* MATERIAL PROVIDED:
════════════════

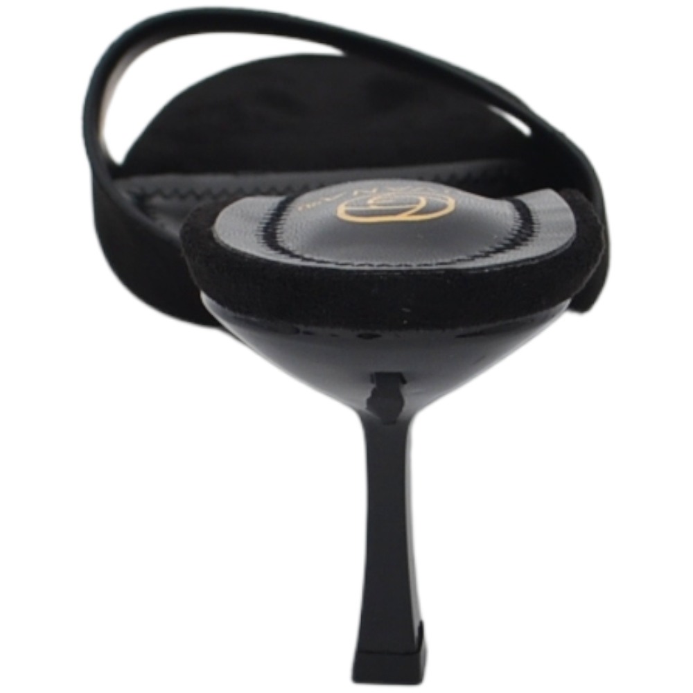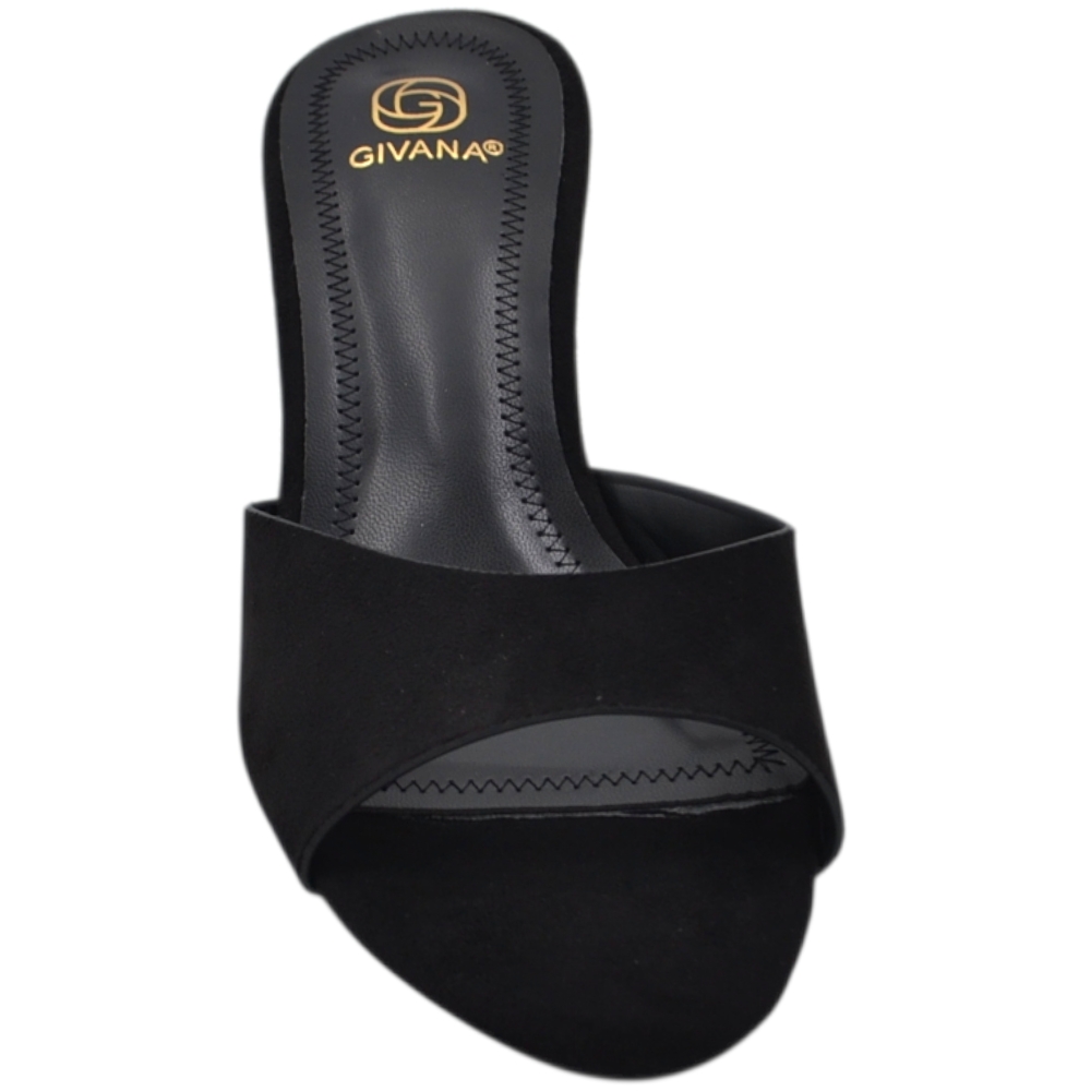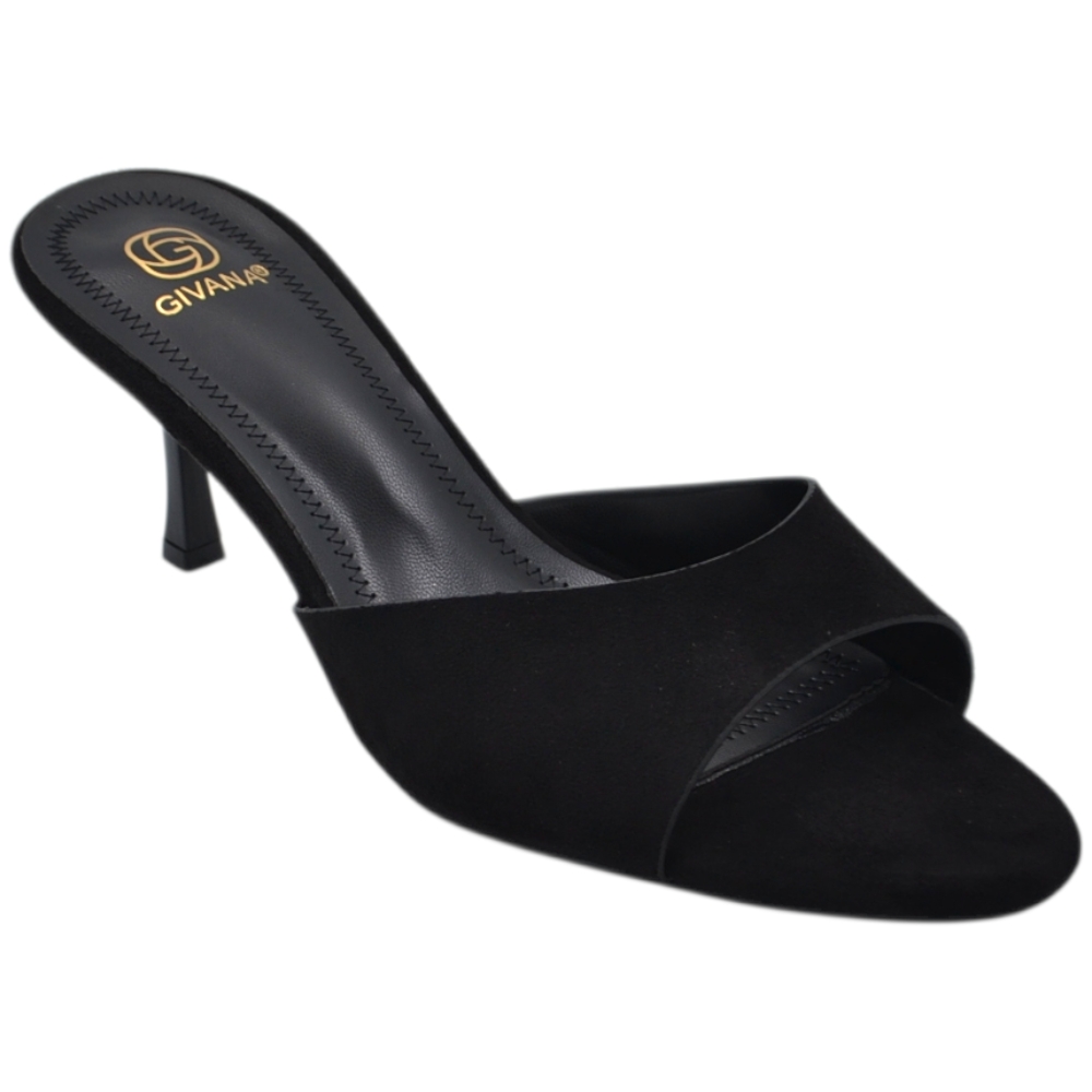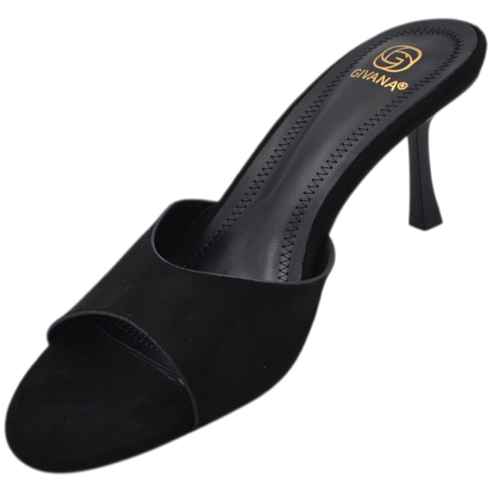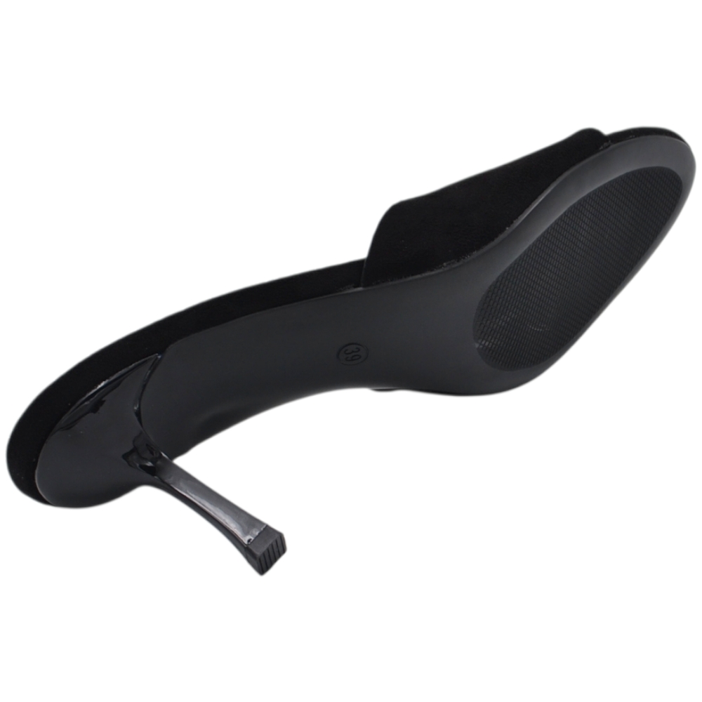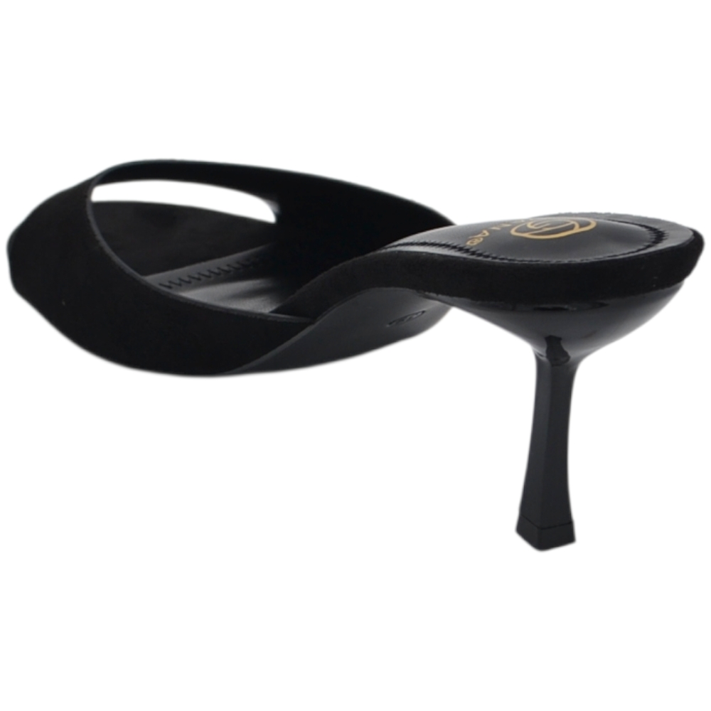 Sandalo tacco donna nero camoscio con fascia larga avvolgente tacco sottile 7 cm open toe
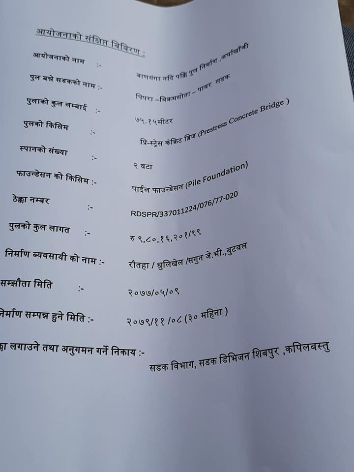 पुलको सगुन कन्ट्रक्सन प्रा. लि बुटवलले करिव एक महिना अघिदेखि  निर्माण कार्य गरिरहेको नगर उपप्रमुख टीका बहादुर रेश्मीले बताएका छन् ।
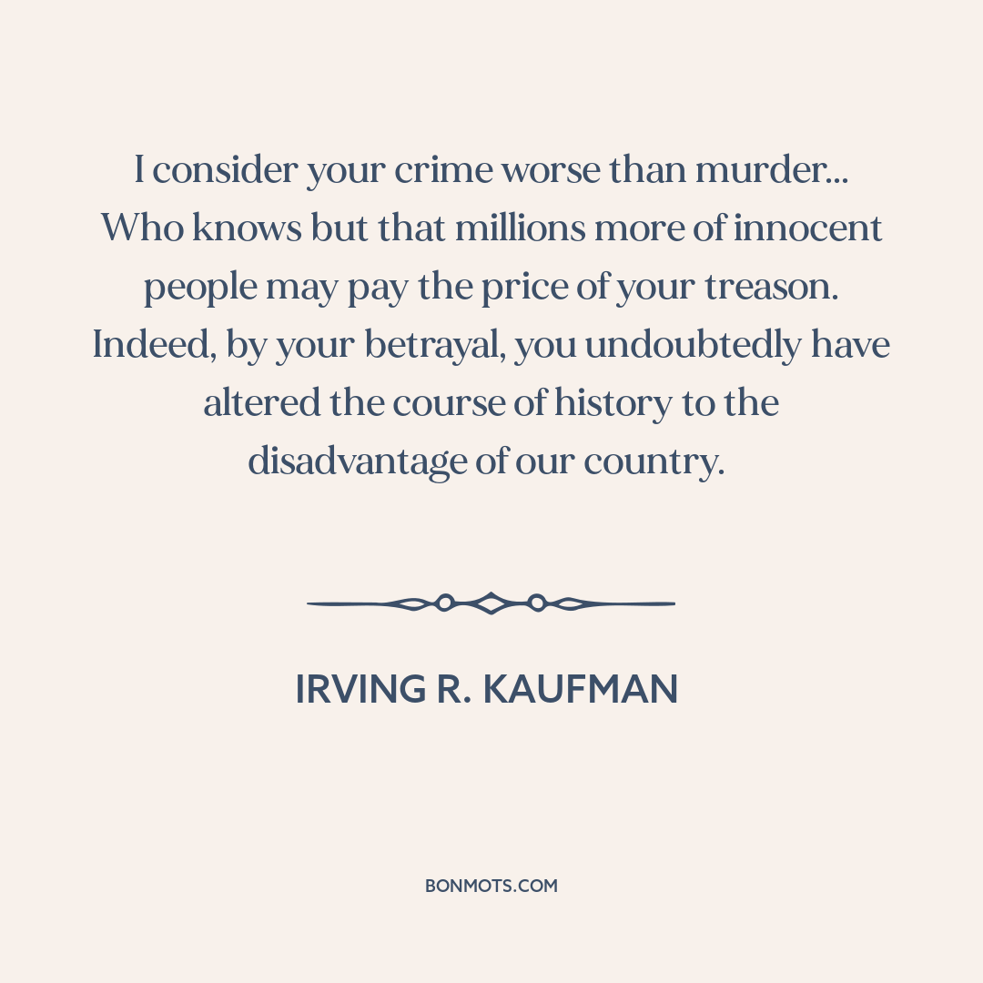 I consider your crime worse than murder... Who knows but that millions more of innocent people may pay the price of your treason. Indeed, by your betrayal, you undoubtedly have altered the course of history to the disadvantage of our country.

════════════════

* YOUR OBJECTIVE: Return the listing above in full and unaltered. Keep the pictures out.

* FINISHED EXERCISE:
 Sandalo tacco donna nero camoscio con fascia larga avvolgente tacco sottile 7 cm open toe
 पुलको सगुन कन्ट्रक्सन प्रा. लि बुटवलले करिव एक महिना अघिदेखि  निर्माण कार्य गरिरहेको नगर उपप्रमुख टीका बहादुर रेश्मीले बताएका छन् ।
 I consider your crime worse than murder... Who knows but that millions more of innocent people may pay the price of your treason. Indeed, by your betrayal, you undoubtedly have altered the course of history to the disadvantage of our country.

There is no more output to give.